When will I blog??!! I value your opinion and while I may not return comments, PLEASE tell me how to make this season sane????

Are you kidding? There is no way to make this season sane--short of "opting out", that is. Which I highly recommend!!
One of the best decisions I made when HH and I split up (1977) was to call off having anything to do with the year-end holidays. Gifting may be done at any time during the year--for any occasion, or no occasion at all. I did not even send cards out--not even to my parents. Everyone took it in good grace, and I maintained that stance pretty much until HH and I re-married (1988). It certainly helped my mental health status!
Cop Car - Two years ago, I went back to school to earn an administrative license - something I swore I wouldn't do. Not only was I in school, but some genius decided that I needed to be on the fast track and designed my program to be completed in 16 months instead of 24 months. Christmas? What holiday? Didn't even notice it go by. I didn't send out cards last year. Someone else wrote the annual letter. I went with the family to pick out the Christmas tree but didn't put one single ornament or light on it. I didn't bake any cookies - my daughters did that. I told my husband who has never participated in the process of determining what to give or the process of buying and wrapping that if he wanted to see anything under the tree for anyone, he was in charge. It was dismal. I hated it and vowed that I would do Christmas differently this year.

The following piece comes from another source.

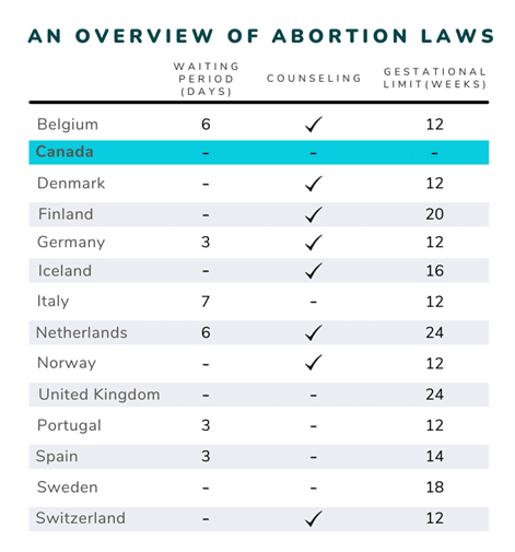 - Introduce an International Standards Law. Bring Canada in line with other democratic countries by banning abortion after the first trimester, ensuring access to independent counseling to screen for coercion or abuse, and implementing a waiting period between requesting and receiving an abortion.

Unfortunately, I haven't. I've come to hate December. Ho, ho, ho.
I know that you're right. I gotta cut something out - a lot of somethings. I have two teenagers. I need to be a model of how to "keep Christ in Christmas"; a model of how to celebrate without maxing out credit cards; a model of how not to hate the holidays because one is so trapped in all the doing. It would make sense to enlist their help and to ask their opinion. Some day.
I hope that "someday" will be soon, because your girls are growing up!
I planned to blog about it, but I'll give you the short version here. We're skipping the live Christmas tree in the living room this year. I have fake trees in other parts of the house, and I have stockings and a wreath, and poinsettias and garland up...but we finally decided enough is enough.
I wrap a few presents every day, and I'm just getting started on cookies this week. Our personal Christmas will be much simpler.
We've tried to make sure that everyone who provides services for us during the year is remembered, and that's been the most satisfying aspect of the last month, for me.